All the examples above confirm industrial applicability of the proposed gene therapy DNA vector based on the gene therapy DNA vector GDTT1.8NAS12 carrying the therapeutic gene selected from the group of DDC, IL10, IL13, IFNB1, TNFRSF4, TNFSF10, BCL2, HGF, and IL-2 genes in order to increase the expression level of these therapeutic genes, the Escherichia coli strain JM110-NAS/GDTT1.8NAS12-DDC, or the Escherichia coli JM110-NAS/GDTT1.8NAS12-IL10, or the Escherichia coli JM110-NAS/GDTT1.8NAS12-IL13, or the Escherichia coli JM110-NAS/GDTT1.8NAS12-IFNB1, or the Escherichia coli JM110-NAS/GDTT1.8NAS12-TNFRSF4, or the Escherichia coli JM110-NAS/GDTT1.8NAS12-TNFSF10, or the Escherichia coli JM110-NAS/GDTT1.8NAS12-BCL2, or the Escherichia coli JM110-NAS/GDTT1.8NAS12-HGF, or the Escherichia coli JM110-NAS/GDTT1.8NAS12-IL2 carrying the gene therapy DNA vector, method of the gene therapy DNA vector production, method of the gene therapy DNA vector production on an industrial scale.

List of Abbreviations

• • GDTT1.8NAS12—a gene therapy vector devoid of sequences of viral genomes and antibiotic resistance markers (vector therapeutic virus-antibiotic-free)
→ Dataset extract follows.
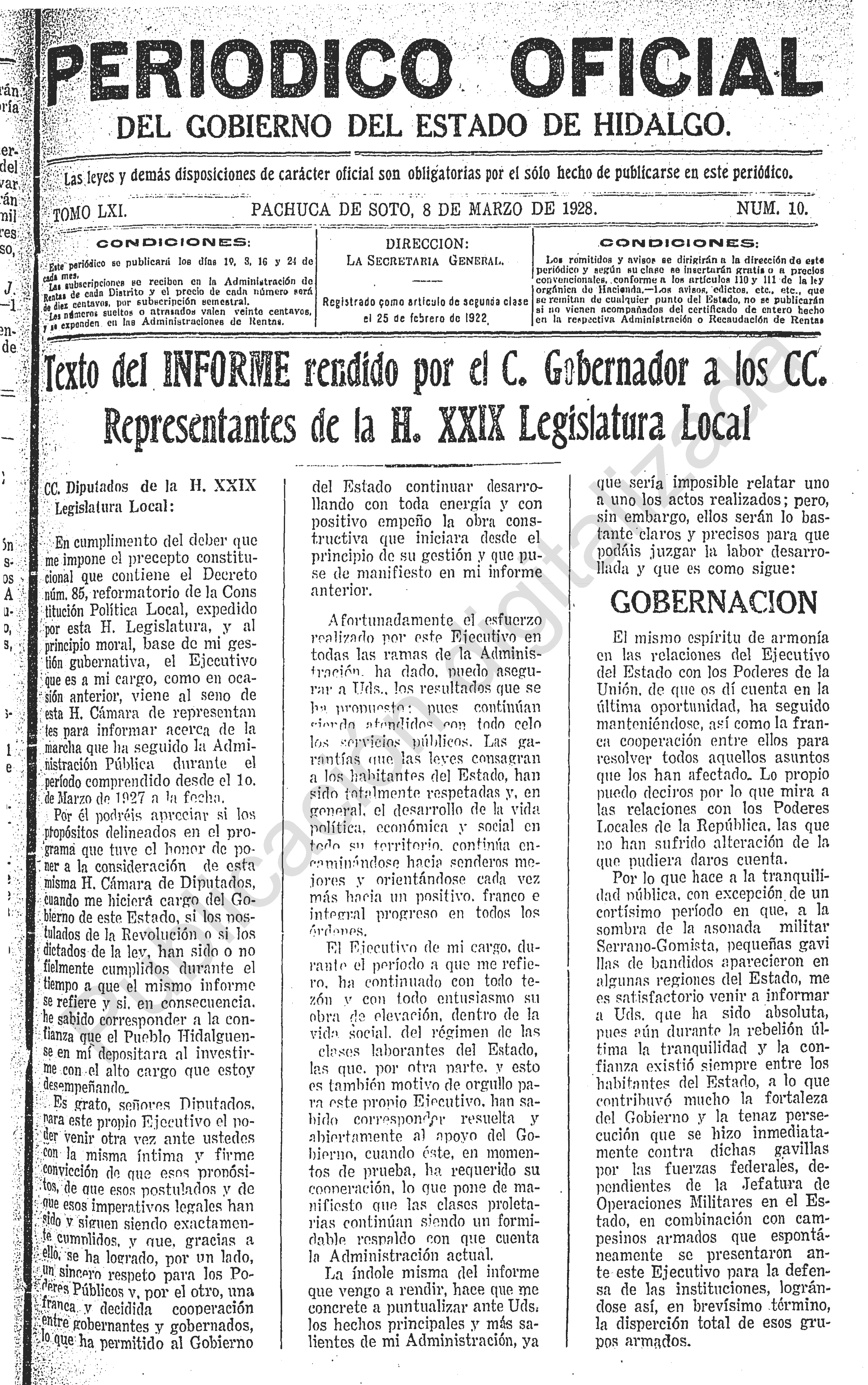 Descargar Periódico Oficial Ordinario 0 del 08 de marzo de 1928

  • L-DOPA—1-3,4-dihydroxyphenylalanine
  • DNA—deoxyribonucleic acid
  • AADC—aromatic L-amino acid decarboxylase
  • cDNA—complementary deoxyribonucleic acid
  • RNA—ribonucleic acid
  • mRNA—messenger ribonucleic acid
  • bp—base pair
  • PCR—polymerase chain reaction
  • ml—millilitre, ul—microlitre
  • mm3—cubic millimetre
  • 1—litre
  • ug—microgram
  • mg—milligram
  • g—gram
  • umol—micromol
  • mM—millimol
  • MPTP—1-methyl-4-phenyl-1,2,3,6-tetrahydropyridine
  • min—minute
  • s—second
  • rpm—rotations per minute
  • nm—nanometre
  • cm—centimetre
  • mW—milliwatt
  • RFU—relative fluorescence unit
  • PBS—phosphate buffered saline
  • PBMC—peripheral blood mononuclear cells
  • CNS—central nervous system
  • EEM—experimental encephalomyelitis.